Consumer Response handles complaints and inquiries about financial products and services submitted by consumers about companies. Consumer Response conducts analyses of consumer complaint data with respect to FIs, financial products, and issues described in the complaint, and shares such analysis within the Bureau. The Bureau uses this analysis for supervisory purposes; for investigative or other enforcement purposes; for rulemaking and market monitoring purposes; and to inform work to meet the financial education needs of the public and needs or challenges faced by certain special populations identified in the Dodd-Frank Act, such as students, servicemembers, and older Americans.

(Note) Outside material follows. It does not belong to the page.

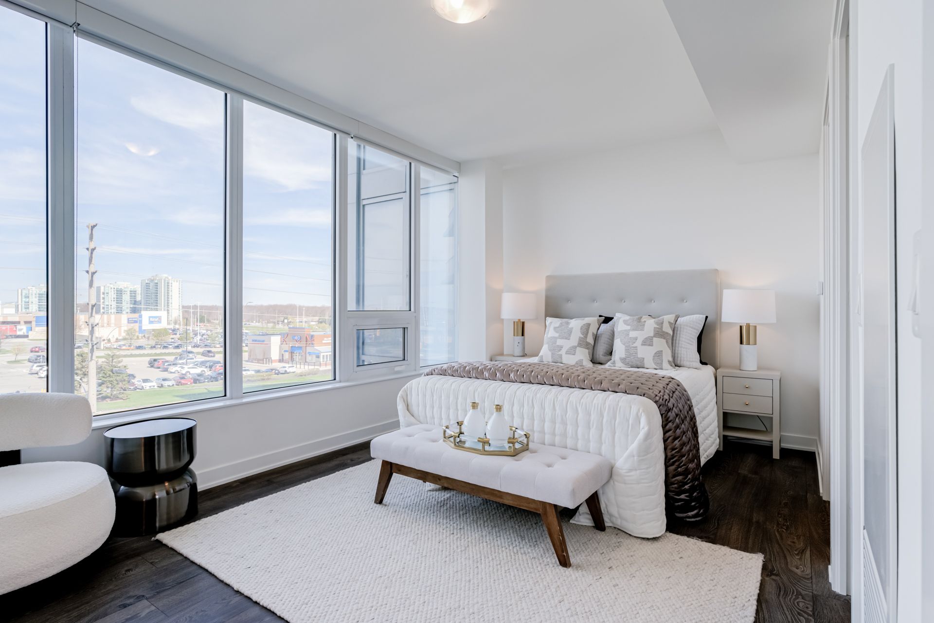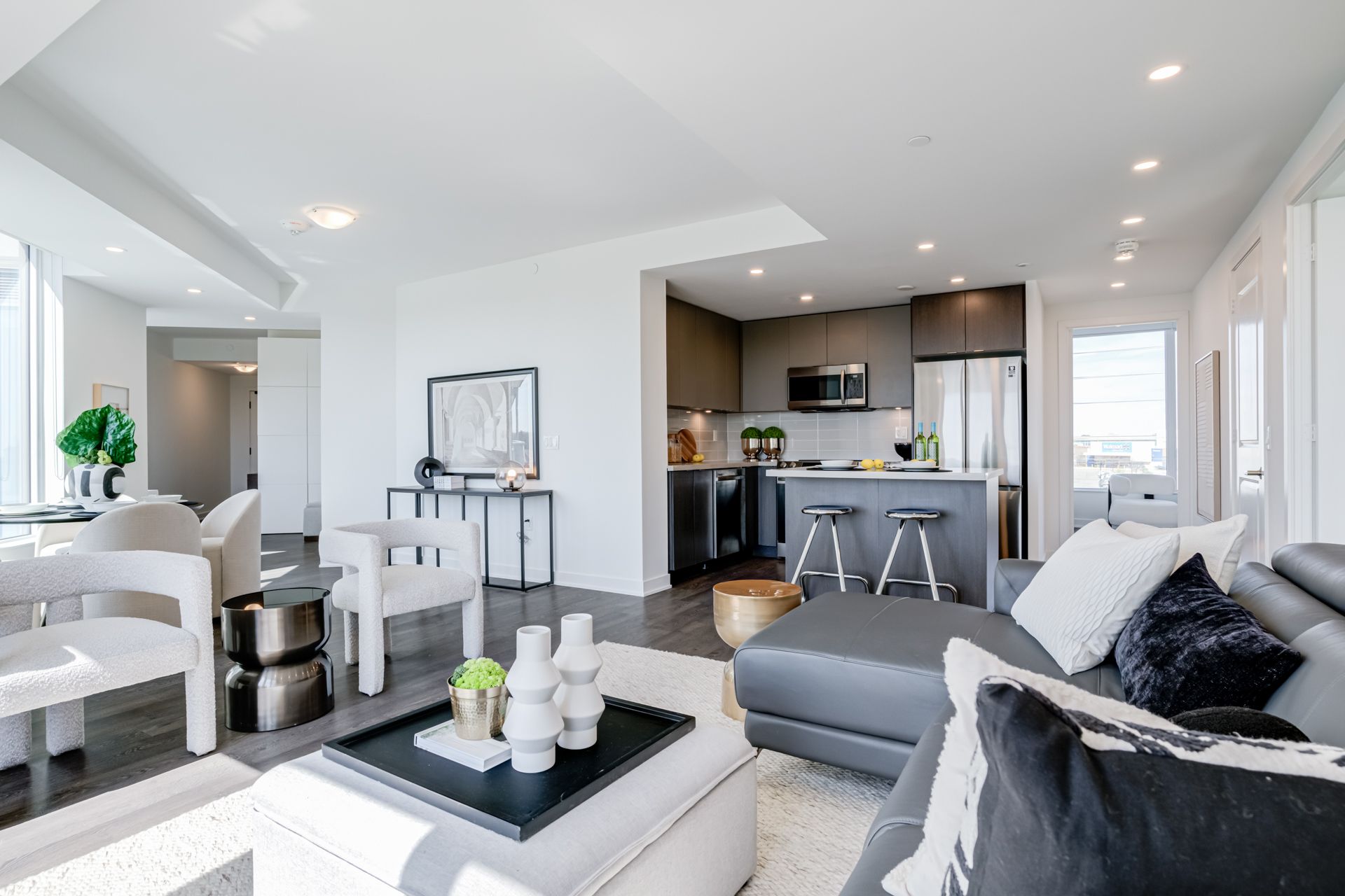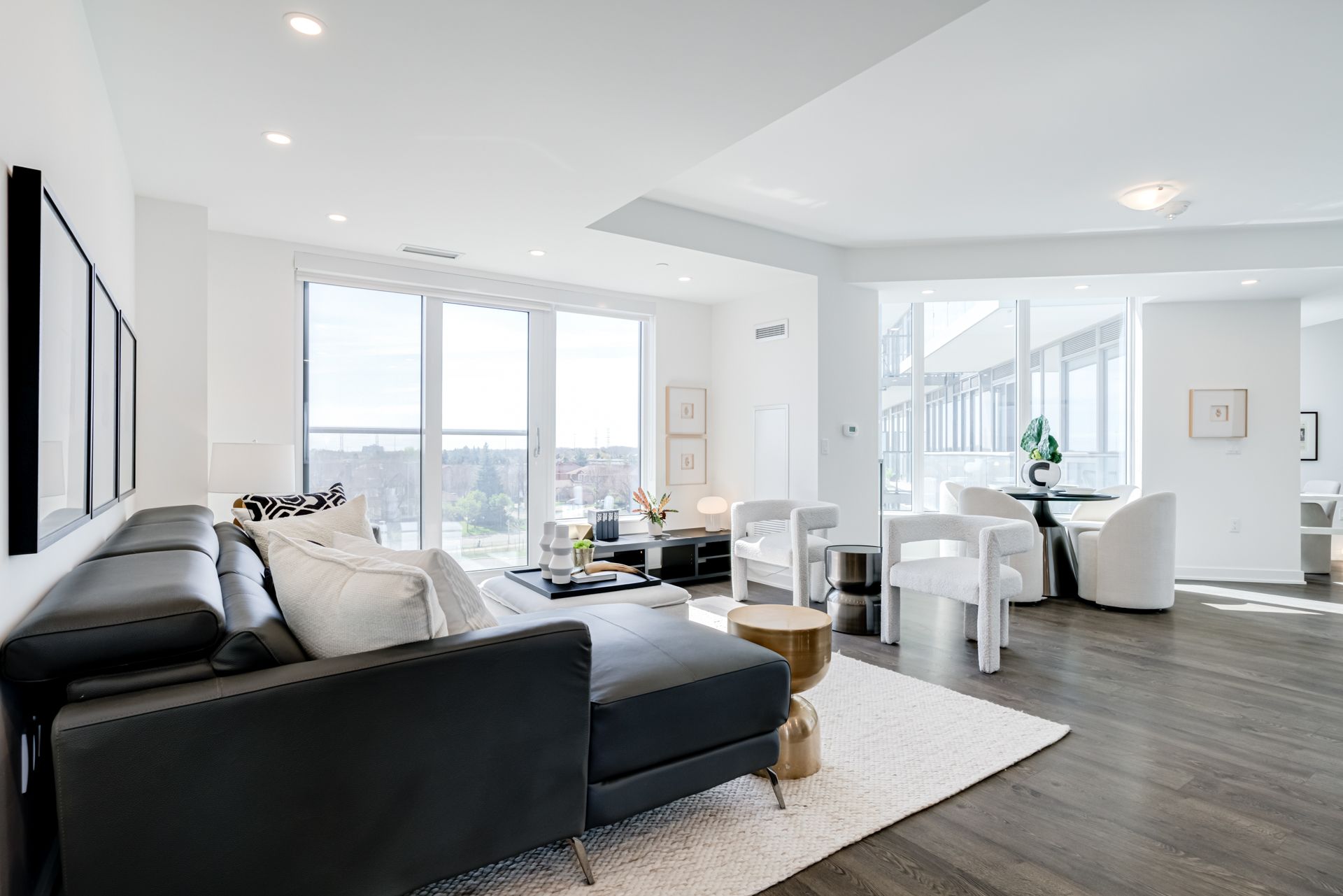 • Modern finishes with 9ft ceilings and wall-to-wall windows.

The Bureau also collects data from consumers and a variety of professionals and entities who serve them (such as financial educators, credit counselors, social workers) through focus groups, interviews, user testing, and informal surveys. As previously explained, except with respect to data collections that informed disclosure testing, Appendix B does not currently include these data collections. The Bureau intends to supplement Appendix B to do so. The discussion below summarizes the purposes for which data is collected from consumers with some illustrative examples.

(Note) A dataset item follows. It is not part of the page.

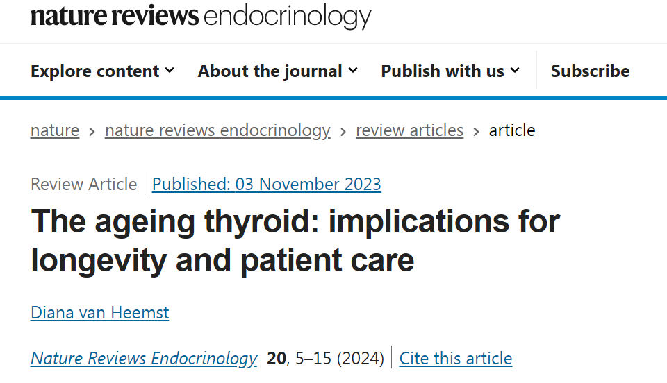 近日,英国《自然》子刊(Nature Reviews Endocrinology)发表综述,阐述了老年人甲状腺功能改变的潜在原因及其与衰老、长寿之间的关系。
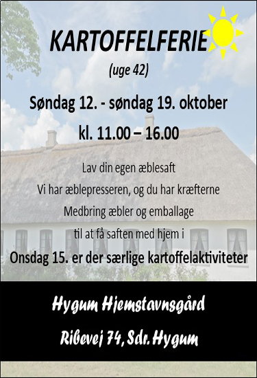 Mange tæller ned til årets efterårsferie, der starter i weekenden. Eller kartoffelferie, som det hed i gamle dage, og som kan opleves på Hygum Hjemstavnsgård i Sdr. Hygum. (læs videre under annoncen) (tryk på annoncen og se mere) Hver dag i efterårsferien fra søndag 12. til søndag 19. kan du komme...

The Bureau has collected data from consumers in connection with a number of rulemakings or potential rulemakings. For example, the Bureau conducted focus groups among prepaid card users prior to initiating work on the prepaid card rulemaking, and in conjunction with a potential rulemaking involving debt collection. The Bureau likewise has conducted user testing of model disclosure language in connection with rulemakings or potential rulemakings, including the prepaid rulemaking and a potential debt collection rulemaking. Generally, this testing takes the form of iterative rounds of one-on-one interviews, conducted by a vendor, in which consumers are exposed to model forms under development and asked questions designed to elicit their understanding of the forms.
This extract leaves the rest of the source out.